提交: 2023-09-21更新: 2024-03-26

TL;DR

We use shape generators and classifiers to empower instance-awareness and improve the performance of 3D segmentation models.

摘要

关键词

3D semantic segmentation; shape generators; multi-task learning

评审与讨论

审稿意见

评分: 3置信度: 42023-10-27

The author introduces InsSeg, a 3D semantic segmentation model with an instance-level approach. The author incorporates classification and shape rebuilding tasks to enhance the learning of semantic descriptors, leveraging the forecasted object instances. Experiment results show the effectiveness of the method.

优点

The writing of the article is easy to understand. The author has provided detailed methodological and experimental details, leading me to believe that the methods presented in this paper are replicable.

The method proposed in this paper has achieved state-of-the-art results.

缺点

The paper adopts the setup from 3D instance semantic segmentation to address the 3D semantic segmentation task, a practice that lacks innovation.

I am not convinced that the instance labels obtained through clustering in this paper are highly accurate, and inaccurate labels can negatively impact the performance of the classification task designed subsequently. In fact, we can observe from the test set of SemanticKITTI Behley that the method proposed in this paper performs poorly across many categories, suggesting that this approach may not possess strong generalization capabilities.

问题

see weakness

审稿意见

评分: 3置信度: 42023-10-29

This paper proposes a method for the semantic segmentation of 3D point clouds. The key idea of the proposed method is to leverage instance information, i.e., classification through instance segmentation, for semantic segmentation tasks. The instance information is extracted from the semantic segmentation datasets using a clustering-based method. The experiment shows that the proposed method outperforms several baseline methods.

优点

Incorporating instance information into a semantic segmentation task would be a reasonable idea. While the panoptic segmentation tasks may implicitly leverage this information, I guess this work is the first to directly incorporate instance information into a semantic segmentation task. If the fundamental idea is new, these discussions would be valuable to the community.

缺点

Related work

The paper does not discuss existing knowledge about instance segmentation in any part of the paper. This is quite unnatural to me; the key to the proposed method is leveraging what instance segmentation does to the semantic segmentation task.

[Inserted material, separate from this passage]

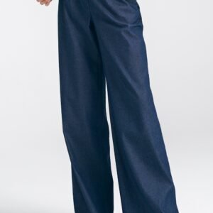 Po wielu sezonach dominacji wąskich spodni, powróciły modele z szerokimi nogawkami, tak zwane wide leg. Spodnie tego typu tworzą zgrany duet wraz z oversizowa marynarką w tym samym kolorze lub wzorze. Posiadają lekko podwyższony stan, dzięki czemu wydłużają optycznie sylwetkę. Na przodzie ozdobne zakładki. Spodnie zapinane na zamek i guzik. Klasyczne kieszenie wsuwane.

Since the relation of the proposed method to instance and segmentation methods is not described clearly, it is difficult to assess the value of this study correctly.

Experiment

The experiment seems problematic. The paper uses SemanticKITTI and Waymo Open Dataset for comparison, and both experiments have potential issues as follows:

SemanticKITTI: The paper only compares old baselines (before 2021) except to LidarMultiNet (Yu et al., AAAI2023). However, Yu et al. did not show an experiment for SemanticKITTI in their original paper (this may be natural since this method was developed for the Waymo competition), and thus, it is unclear if this method achieves SOTA performance to this dataset. Actually, through the recent leaderboard, we see that several recent methods (after 2022, without using extra training data) dominantly outperform (test mIoU > 70) the proposed method (65.0). https://paperswithcode.com/sota/3d-semantic-segmentation-on-semantickitti

Waymo Open Dataset: From the original paper of LidarMultiNet (Yu et al., AAAI2023), we see the authors fail to reproduce the original results. The paper reports approx 70% mIoU, but the submitted paper reports 65.24. Since the code is not publicly accessible, the performance degradation may be possible if the authors reimplemented Yu et al.'s method. However, since what the original paper reports are the values from the official leaderboard for the Waymo's competition. Readers consider the methods on the leaderboard to be fairly evaluated, and the reported accuracy is not in question (i.e., we don't need to reimplement the method) as we use the same experimental setting as the official competition. Also, we can see many methods outperform the proposed method in the official leaderboard. https://waymo.com/open/challenges/2022/3d-semantic-segmentation/

Therefore, I cannot conclude that the proposed method achieves SOTA performance in the 3D semantic segmentation task. I understand that achieving SOTA accuracy is not the primary goal of academic study. However, the submitted paper argues a contribution that the proposed method achieves SOTA, which is invalid, and they should seek other ways to show their technical contribution.

问题

Relation with instance/panoptic segmentation methods.
Reasonable reasons for selecting the method by Yu et al. as the baseline, among other recent methods releasing implementations.

伦理问题详情

n.a

审稿意见

评分: 5置信度: 42023-11-03

This paper proposes a new method for semantic segmentation of large 3D point clouds with deep neural networks, by using additional classification and reconstruction losses applied at the instance level. These losses force the segments to better match the instances, and thereby improve the overall segmentation. The losses do not require additional supervision beyond per-point semantic labels, which are used to cluster the training point clouds into instances.

优点

The idea of applying macro (instance level) losses to supervise point-wise estimates is a good one. The method appears to work well with a range of backbones and shows state-of-the-art results.

缺点

I am a bit confused about the instance extraction. I can come up with two interpretations:

The ground truth semantic labels are used by the clustering algorithm to segment the point clouds into object instances at the beginning of training. This is done once and not repeated. OR,
The predicted labels are used to recompute the predicted instances at each step of clustering. These predicted instances are compared to ground truth labels and instances for the losses.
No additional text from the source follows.